Dovyalis is a genus of shrubs and small trees. Recent genetic evidence has shown the genus to belong to the family Salicaceae; formerly it was classified in the family Flacourtiaceae. The 15 species are native to Africa (Ethiopia south to South Africa) and southern Asia (India, Sri Lanka). Some are cultivated for their fruit.

Description
They are dense, thorny plants growing to 3–6 m tall, with sharp, 3–6 cm long stem spines in the leaf axils. Buds at the base of the spine produce clusters of alternately arranged simple ovate leaves 3–10 cm long.

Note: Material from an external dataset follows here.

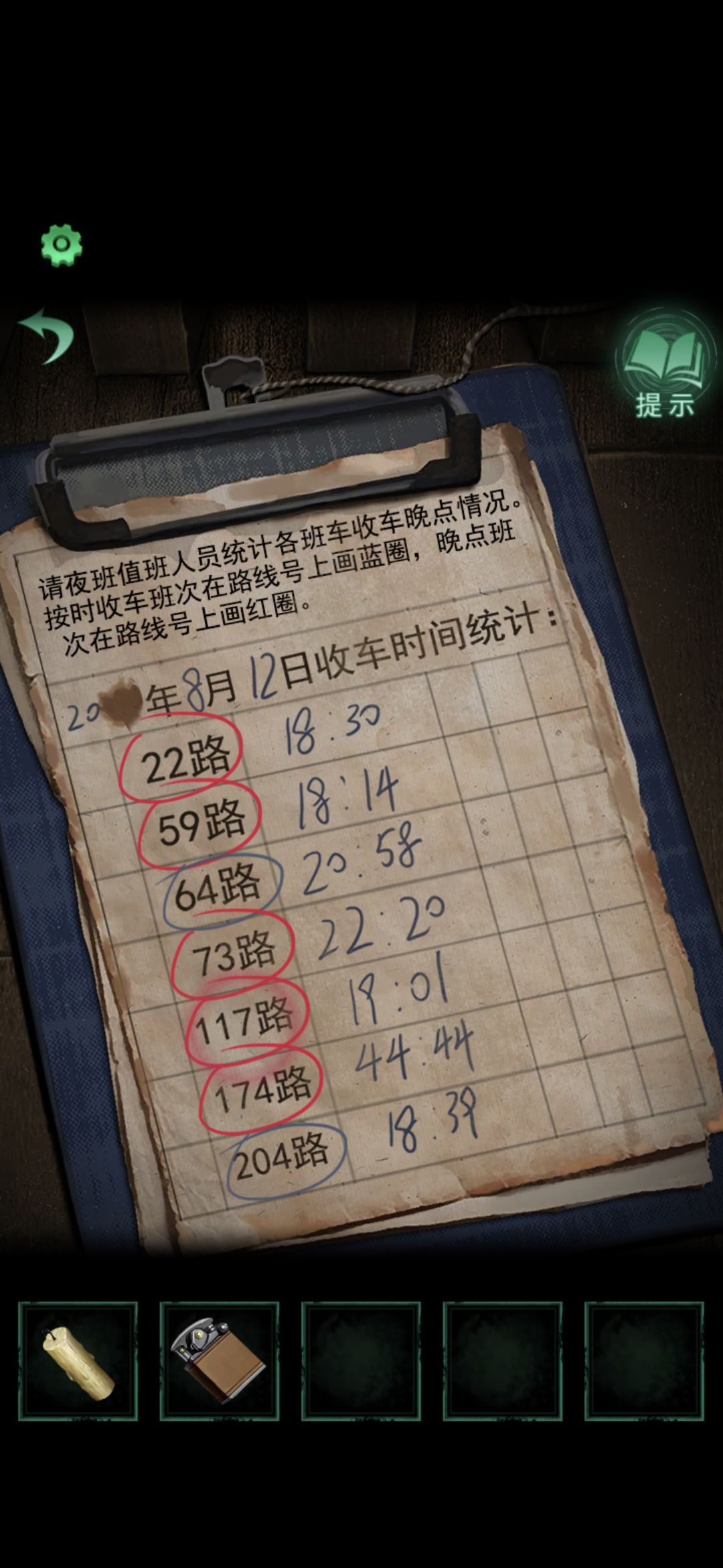 点击房子旁边的椅子,上边有表格,拾取表格旁边的蓝水笔,收车时间为末班车辆运行时间+单圈时间,在表格上画圈,顺序为红红蓝红红红蓝

The flowers are inconspicuous, solitary or clustered, with no petals. They are dioecious, with male and female flowers on separate plants. The fruit is an edible, yellow to purple globose berry 2–4 cm diameter, containing several small seeds. They are very juicy and with an acidic flavour.

Cultivation and uses
Several species are grown for their fruit; D. caffra (Umkokola or Kei-apple) is popular in southern Africa, and D. hebecarpa (Kitembilla) in India and Sri Lanka. Some, notably D. abyssinica, are also grown as ornamental plants and as hedges, where the spines are valued for deterring intrusion by livestock or burglars.

The tropical apricot, or ketcot, is a hybrid between D. hebecarpa and D. abyssinica that was developed in Florida in 1953 and is cultivated for its fruit.